Directions: Print the listing below only from the line that has "Bu çok fonksiyonlu" through the line that has "顔を押さえてうずくまる審判。", exactly, and drop any picture.

Data listing:

========

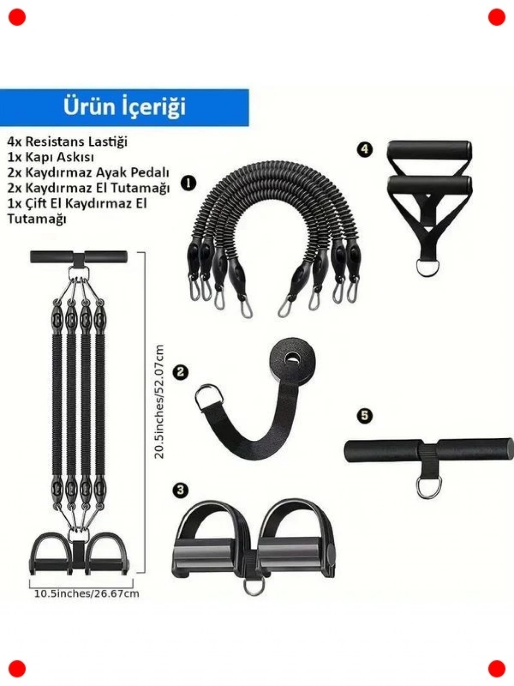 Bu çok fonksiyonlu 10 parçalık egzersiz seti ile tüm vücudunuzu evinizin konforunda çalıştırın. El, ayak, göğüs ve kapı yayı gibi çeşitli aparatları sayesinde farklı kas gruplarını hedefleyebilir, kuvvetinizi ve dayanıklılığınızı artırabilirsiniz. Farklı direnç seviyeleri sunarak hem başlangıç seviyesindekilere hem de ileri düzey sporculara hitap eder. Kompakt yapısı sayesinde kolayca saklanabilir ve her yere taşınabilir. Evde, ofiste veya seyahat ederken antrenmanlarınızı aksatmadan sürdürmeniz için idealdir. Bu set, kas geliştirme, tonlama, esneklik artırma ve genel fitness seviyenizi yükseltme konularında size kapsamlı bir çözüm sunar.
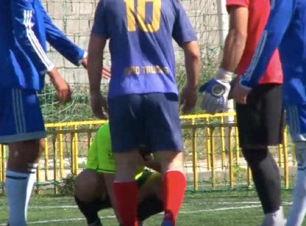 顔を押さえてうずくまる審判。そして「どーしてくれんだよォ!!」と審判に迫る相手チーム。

========

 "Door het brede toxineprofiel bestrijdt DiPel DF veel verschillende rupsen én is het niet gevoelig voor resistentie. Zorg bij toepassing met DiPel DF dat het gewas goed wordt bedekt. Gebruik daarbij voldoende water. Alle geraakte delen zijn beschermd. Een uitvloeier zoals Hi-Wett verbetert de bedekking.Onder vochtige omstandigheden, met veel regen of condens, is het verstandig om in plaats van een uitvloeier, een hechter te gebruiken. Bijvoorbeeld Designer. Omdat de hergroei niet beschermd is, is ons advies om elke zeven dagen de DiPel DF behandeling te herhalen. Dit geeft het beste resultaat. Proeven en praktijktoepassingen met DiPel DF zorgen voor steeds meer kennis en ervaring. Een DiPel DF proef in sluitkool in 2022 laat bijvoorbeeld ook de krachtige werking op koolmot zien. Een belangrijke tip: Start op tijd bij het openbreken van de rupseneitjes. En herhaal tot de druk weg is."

========

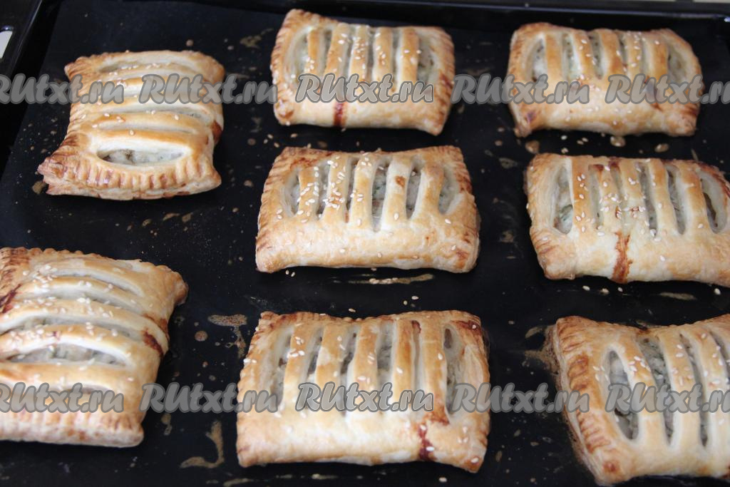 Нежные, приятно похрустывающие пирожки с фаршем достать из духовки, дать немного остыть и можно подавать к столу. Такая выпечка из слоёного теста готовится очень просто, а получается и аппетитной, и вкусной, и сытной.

========

Answer area:
 Bu çok fonksiyonlu 10 parçalık egzersiz seti ile tüm vücudunuzu evinizin konforunda çalıştırın. El, ayak, göğüs ve kapı yayı gibi çeşitli aparatları sayesinde farklı kas gruplarını hedefleyebilir, kuvvetinizi ve dayanıklılığınızı artırabilirsiniz. Farklı direnç seviyeleri sunarak hem başlangıç seviyesindekilere hem de ileri düzey sporculara hitap eder. Kompakt yapısı sayesinde kolayca saklanabilir ve her yere taşınabilir. Evde, ofiste veya seyahat ederken antrenmanlarınızı aksatmadan sürdürmeniz için idealdir. Bu set, kas geliştirme, tonlama, esneklik artırma ve genel fitness seviyenizi yükseltme konularında size kapsamlı bir çözüm sunar.
 顔を押さえてうずくまる審判。そして「どーしてくれんだよォ!!」と審判に迫る相手チーム。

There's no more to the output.